Security risks may be evolving, but so are our platform capabilties to help prevent them.

Last month, Own products officially became part of the Salesforce Platform. What does this mean for you? With Own security product capabilities now integrated into Salesforce Shield and Security Center, your organization can strengthen its security posture faster and more comprehensively than ever before. Additionally, the introduction of Backup & Recover, Data Mask & Seed, and Archive bolsters data protection and resilience for Salesforce customers.

The rising stakes – and root causes – of security incidents

SaaS security incidents are becoming more frequent and costly.

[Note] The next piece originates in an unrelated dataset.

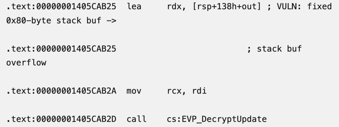 CVE – 2025 – 2263:EVP_DecryptUpdate 基于堆栈的缓冲区溢出

These incidents include cyberattacks that steal and destroy data, as well as insider threats, which are often due to employee mistakes rather than malicious intent.

In response to these trends, regulators are implementing more stringent incident response and reporting requirements, including the U.S. Securities & Exchange Commission (SEC) and the EU Network & Information Systems Security (NIS 2) that apply to a wide range of organizations in critical sectors. Other regulations specific to financial services companies and Information & Communications Technology (ICT) providers, including the Digital Operational Resilience Act (DORA) and the NYDFS 23 NYCRR 500 have tight timeframes to report characteristics of an incident and measures taken to contain it.

How do these security incidents occur? Within SaaS platforms, possible causes range from admins lacking sufficient training to ‌security controls like multi-factor authentication (MFA) not being utilized.

Other common issues include account takeovers via phishing emails, misconfigurations that expose sensitive data, exposure of API tokens in public repositories, unmasked data in development environments, accidental deletion of data (including metadata and mission-critical data), malicious destruction, and extortion attacks.

In short, everything from honest mistakes to deliberate criminal acts. Beyond avoiding these incidents in the first place, addressing them promptly and effectively reduces disruption and costs, and can prevent issues from escalating.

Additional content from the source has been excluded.